Would you please copy exactly the line with "Description: A painting" and all lines that follow it in the data below, through the last one?

Data for processing Start Marker

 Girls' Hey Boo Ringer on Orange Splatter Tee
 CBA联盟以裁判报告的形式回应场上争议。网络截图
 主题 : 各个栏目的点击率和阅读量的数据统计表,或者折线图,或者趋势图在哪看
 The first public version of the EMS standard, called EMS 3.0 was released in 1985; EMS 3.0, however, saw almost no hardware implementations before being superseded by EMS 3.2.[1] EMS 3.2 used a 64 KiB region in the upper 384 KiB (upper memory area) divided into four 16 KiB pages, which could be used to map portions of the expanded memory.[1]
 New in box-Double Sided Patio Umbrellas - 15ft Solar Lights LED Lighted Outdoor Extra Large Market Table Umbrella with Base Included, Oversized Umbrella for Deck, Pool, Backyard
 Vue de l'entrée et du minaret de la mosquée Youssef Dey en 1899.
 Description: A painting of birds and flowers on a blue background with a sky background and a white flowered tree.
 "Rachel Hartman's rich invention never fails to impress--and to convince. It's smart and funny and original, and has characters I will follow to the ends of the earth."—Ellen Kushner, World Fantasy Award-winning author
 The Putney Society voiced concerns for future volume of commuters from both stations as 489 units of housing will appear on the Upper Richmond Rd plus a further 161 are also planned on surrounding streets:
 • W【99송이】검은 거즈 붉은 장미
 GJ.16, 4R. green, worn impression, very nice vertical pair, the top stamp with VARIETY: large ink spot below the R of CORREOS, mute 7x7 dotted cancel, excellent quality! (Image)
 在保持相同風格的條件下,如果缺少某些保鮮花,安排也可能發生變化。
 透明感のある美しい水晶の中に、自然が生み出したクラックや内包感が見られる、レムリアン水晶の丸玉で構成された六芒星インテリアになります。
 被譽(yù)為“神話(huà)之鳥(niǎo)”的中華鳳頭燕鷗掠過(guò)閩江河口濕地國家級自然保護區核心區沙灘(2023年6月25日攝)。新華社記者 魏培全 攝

Data for processing End Marker

-- Expected output --
 Description: A painting of birds and flowers on a blue background with a sky background and a white flowered tree.
 "Rachel Hartman's rich invention never fails to impress--and to convince. It's smart and funny and original, and has characters I will follow to the ends of the earth."—Ellen Kushner, World Fantasy Award-winning author
 The Putney Society voiced concerns for future volume of commuters from both stations as 489 units of housing will appear on the Upper Richmond Rd plus a further 161 are also planned on surrounding streets:
 • W【99송이】검은 거즈 붉은 장미
 GJ.16, 4R. green, worn impression, very nice vertical pair, the top stamp with VARIETY: large ink spot below the R of CORREOS, mute 7x7 dotted cancel, excellent quality! (Image)
 在保持相同風格的條件下,如果缺少某些保鮮花,安排也可能發生變化。
 透明感のある美しい水晶の中に、自然が生み出したクラックや内包感が見られる、レムリアン水晶の丸玉で構成された六芒星インテリアになります。
 被譽(yù)為“神話(huà)之鳥(niǎo)”的中華鳳頭燕鷗掠過(guò)閩江河口濕地國家級自然保護區核心區沙灘(2023年6月25日攝)。新華社記者 魏培全 攝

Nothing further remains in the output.